I sighed, smiling at the freedom, and the river closed over my head. The water turned everything luminous, like some kind of bright aura. My skin shone like starlight, and the first breath of water felt like starlight.
Then it was over.
Time after death moves oddly, even more so than while I was mad. I never lost any time, though there were a lot of gray times, a lot of half-remembered scenes. But I remember seeing my funeral.
My body was so pale, pristine. No signs of madness there but for the shifty, rather short funeral service. Laertes leaped into my grave after they lowered my body into it. He made quite a scene, which made me miss him intensely for a minute. One thing I can say about the afterlife is that hurtful emotions are much more ephemeral. The only emotions that even seem to stick with me are hate and amusement. Claudius seemed bored. The schmuck. Gertrude actually expressed some sorrow in her comments about wanting me to marry Hamlet. Horatio nor Hamlet were anywhere to be found.
Or so I thought, because after a moment of Laertes's spectacle, Hamlet leapt up from behind a gravestone and jumped into my grave as well. He then proceeded to pick a fight with my brother over my dead body. I'd think that one thing about my life could be normal, but no-not even my funeral. Everyone has to act stupid at my funeral.
Then Hamlet started shouting, I loved Ophelia! Forty thousand brothers could not make up my sum. Various other shouts of what he'd do for me to prove it followed before anyone decided to stop them from flailing at each other. Even Horatio told Hamlet to shut up at that point.
To my credit, I didn't feel any sort of hope about Hamlet's supposed "love" for me. Perhaps he loved me truly at one time, but that display in my grave was nothing more than a mere display.
And that was it, really. Time slipped out through my fingers again. I wandered through the graveyard occasionally, and one day discovered Hamlet's grave. I had no idea he'd died just days after my burial.

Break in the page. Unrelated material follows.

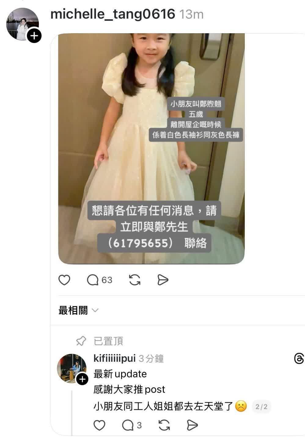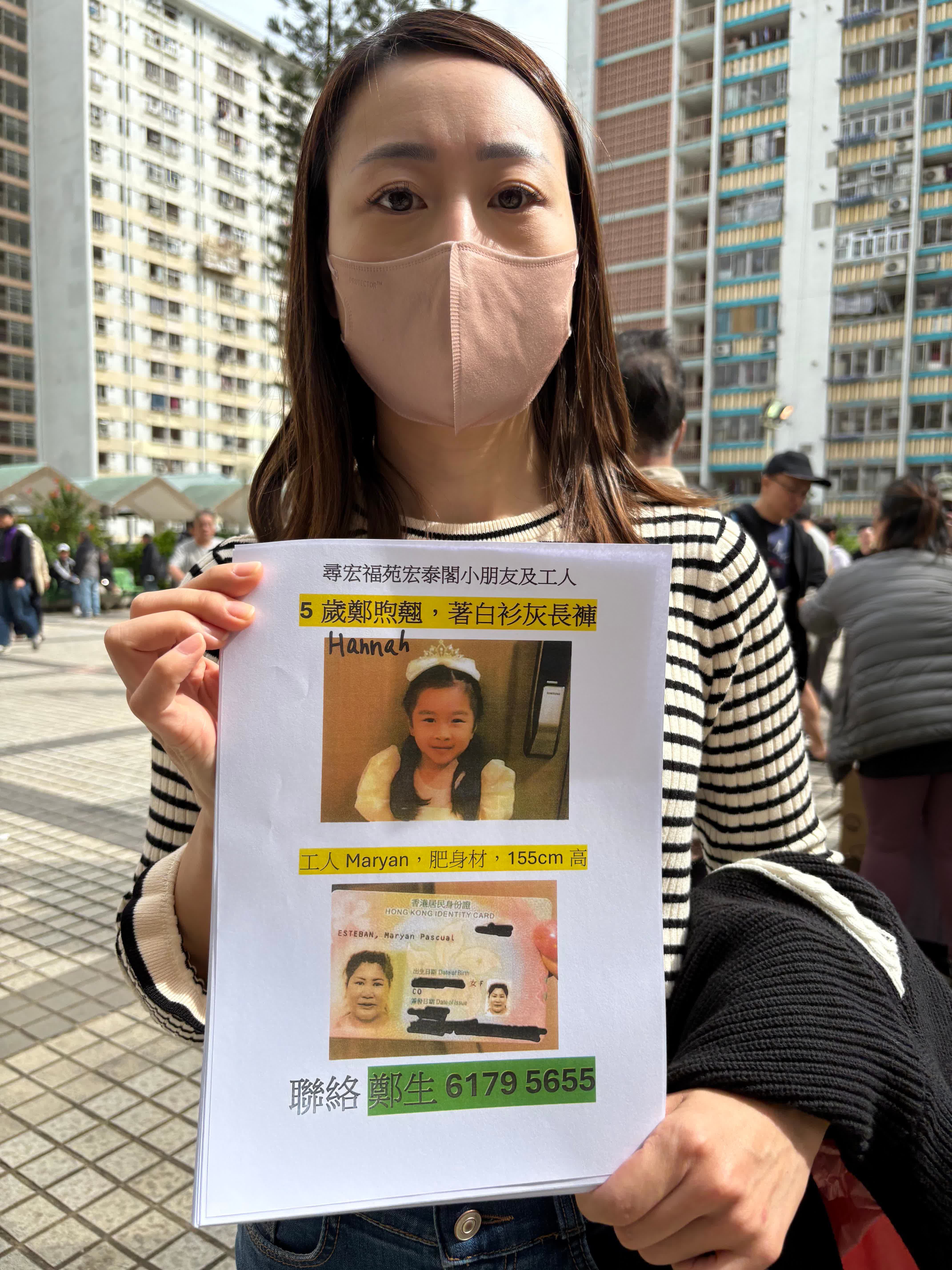 記者了解到,該名小童是居住在宏福苑宏泰閣的鄭煦翹,當時身穿白衫灰長褲,年齡5歲。家傭人名叫Maryan,肥身材,1米55高。

News doesn't move very fast in the afterlife.
I still don't know what Hamlet's problem was. Is, rather. Hamlet never comes to see Horatio when he visits our graves, so I like to think he's too busy burning in the fires of Hell to bother with his best friend. Sometimes Horatio comes to talk to me for hours to tell me all the things I've missed out on lately. I hope that someday I'll see him again and tell him how sorry I am about how things turned out, with Hamlet and with me.
The only difference between us, that I can still tell, is that he has and always will worship Hamlet. I hate him. Hamlet, I mean. He abused me more than anyone should ever abuse another, even after a bad breakup. He killed my father and never felt sorry for it. He left for England without having the decency to even face the consequences. His pretended psychosis especially infuriates me. I knew the real depths of madness, how it eats you from the inside until you can't even breathe without emotional anguish. For all that I loved Hamlet, for all that I suffered because of it, I hate him more now. Someone said there's a thin line between love and hate. Maybe when I learn to let that go, I'll be able to stop wandering the earth like a disobedient child. Until then, I'll revel in dancing on Hamlet's grave in passing.